If we instead run the arrayaccess program with a random access pattern, the hit rate is much lower and there are more misses:

$ ./perf.sh ./arrayaccess -r -i 1 10000000
accessing 10000000 integers 1 times in random order:
[4281095, 3661082, 3488908, 9060979, 7747793, 8711155, 427716, 9760492, 9886661, 9641421, 9118652, 490027, 3368690, 3890299, 4340420, 7513926, 3770178, 5924221, 4089172, 3455736, ...]
OK in 0.152167 sec!

 Performance counter stats for './arrayaccess -r -i 1 10000000':

        19,854,838      LLC-misses                #   78.03% of all LL-cache hits
        25,443,796      LLC-loads

       0.754197032 seconds time elapsed
Here, the hit rate is only 22%, and 78% of cache accesses result in misses. As a result, the program runs 16x slower than when it accessed memory sequentially and benefited from locality of reference and prefetching.

Summary

Today, further developed our understand of caches, why they are necessary, and why they benefit performance. We saw that differences in the price of storage technologies create a storage hierarchy with smaller, but faster, storage at the top, and slower, but larger storage at the bottom. Caches are a way of making the bottom layers appear faster than they actually are!

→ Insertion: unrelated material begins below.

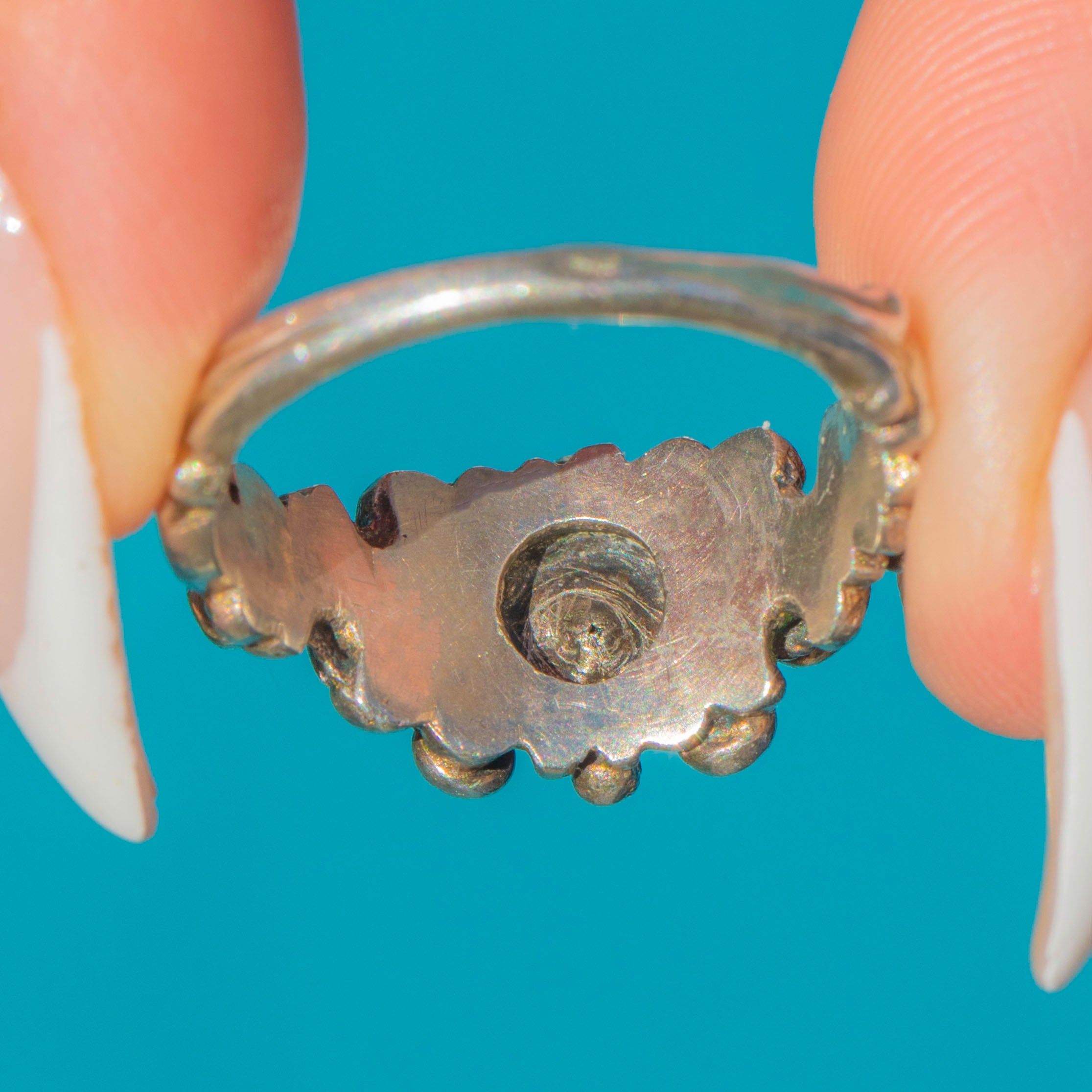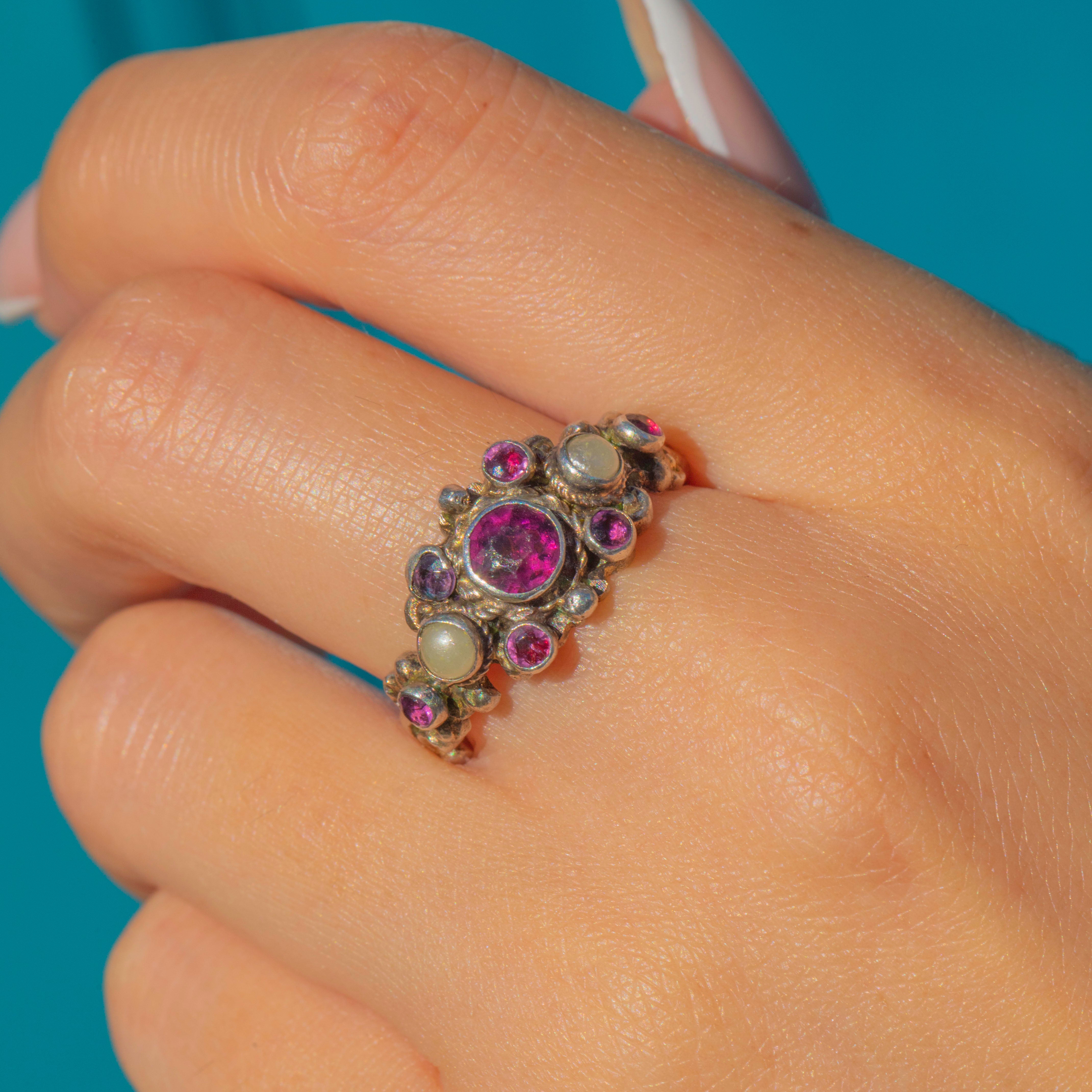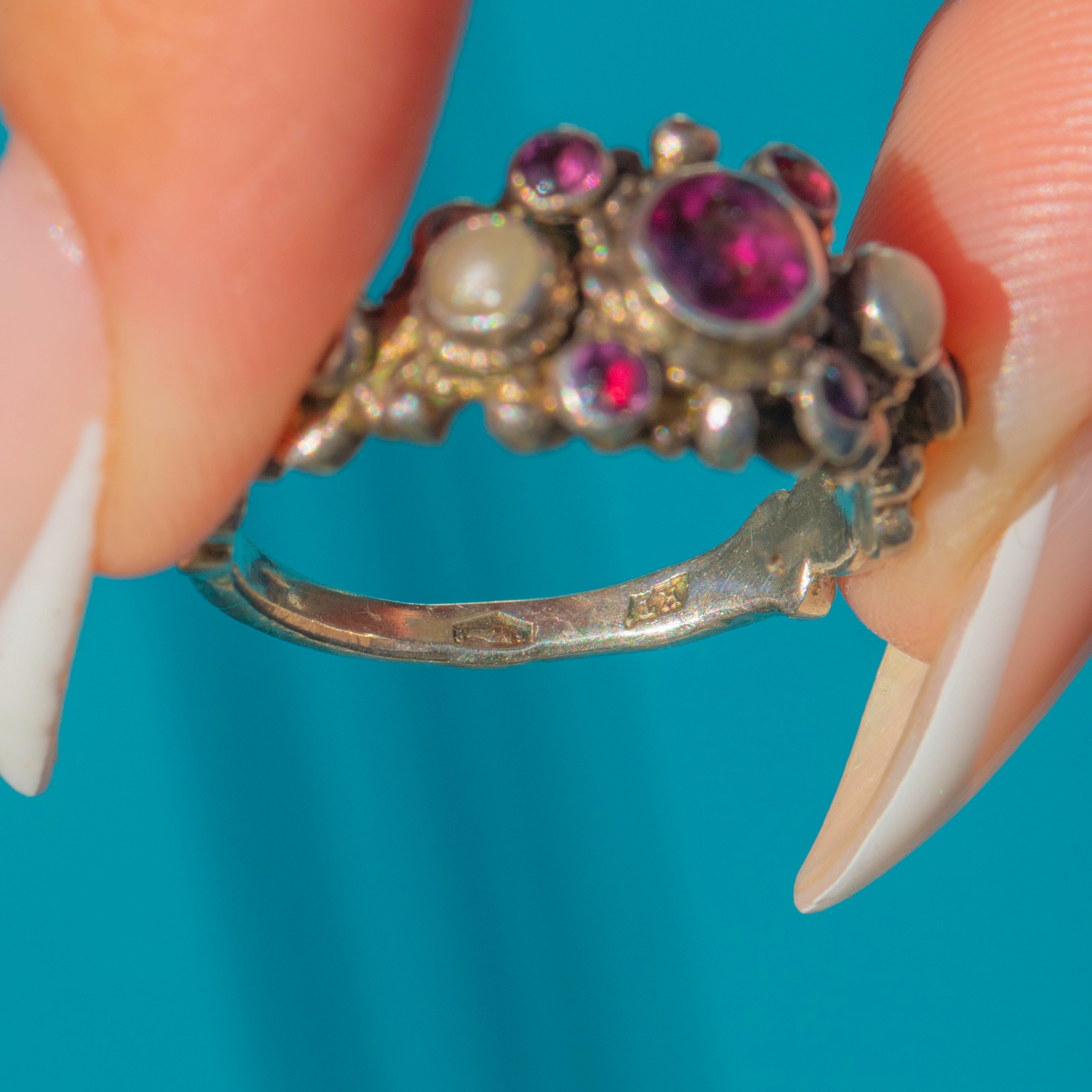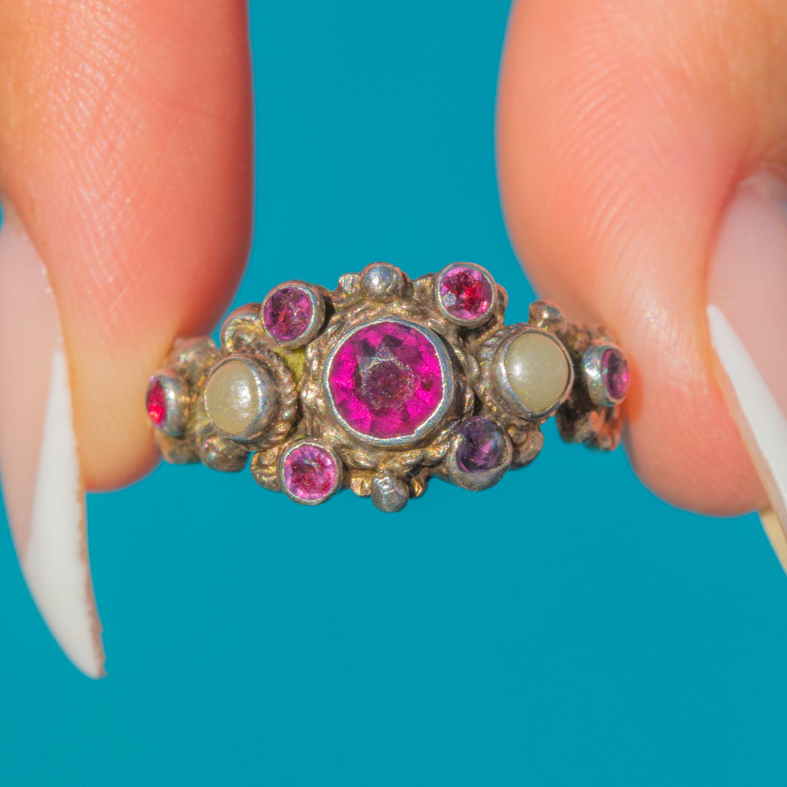 Austro Hungarian Silver Garnet Pearl Ring c.1900

We discussed how caches are made from slots that can holds blocks of data from lower levels in the storage hierarchy, and we looked at the specific example of processor caches to illustrate this. We found that accessing data already in the cache (a "hit") is much faster than accessing it on the underlying storage to bring the block into the cache (a "miss"). We also considered different algorithms for which slot to free up when the cache is full and a new block needs to be brought into the cache, and found the widely-used LRU algorithm as a reasonable predictor of future access patterns due to the locality of reference exhibited by typical programs.

There is a lot more to say about caches, and you will learn some more in Lab 4. We will also talk about caches again in the context of distributed systems later in the course!